Ombudsman adjudications are more important in practice than any other assessment of the suitability of our advice

This type of chart usually includes reference to other countries, distinguishing between the differing risks of UK investments, and developed world holdings or emerging market investments. These distinctions are ignored in this particular chart; something of an error in my view.

But the real reason I mention this is because of a Financial Ombudsman Service ruling in which this understanding of investment risk (contained in the benchmark study text for our benchmark qualification) is turned on its head.

In every discussion of risk and diversification, individual shares are described as higher risk than collective investment funds.
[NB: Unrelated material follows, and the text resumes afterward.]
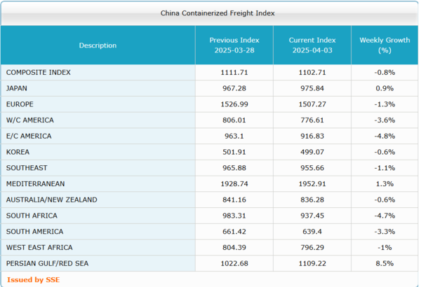 3일 CCFI는 1102.71p로 전주대비 0.8% 하락하는데 그쳤다. CCFI 항로별 추이를 보면 미서안항로는 3.6%, 미동안은 4.8% 각각 내렸다. 유럽항로는 1.3% 하락한 반면 지중해항로는 1.3% 상승했다. 동남아항로는 1.1% 내린 반면 중동항로는 8.5%나 올랐다. 한국항로는 0.6% 하락한 것으로 나타났다.

They have no investor protection, lack diversification by most measures (number, sector, market, economy) and have little or no asset class diversification.

The adviser cited the client’s portfolio of self-selected FTSE 100 shares as evidence of experience in investing and acceptance of higher risk in investing. But here is the point of which every IFA should be aware. Fos says that FTSE 100 shares are low risk investments.

Instead of fussing about retrospective regulation, Apfa and the SBPP must pursue this much more important concern with Fos through their industry liaison meetings.

Ombudsman adjudications are more important in practice than any other assessment of the suitability of our advice.

If Fos applies a radically different understanding of investing risk than the one in common use in the entire adviser population it judges, then IFAs (and textbook authors) need to know about it as a matter of urgency. If not, no advice will ever meet the appropriate standards.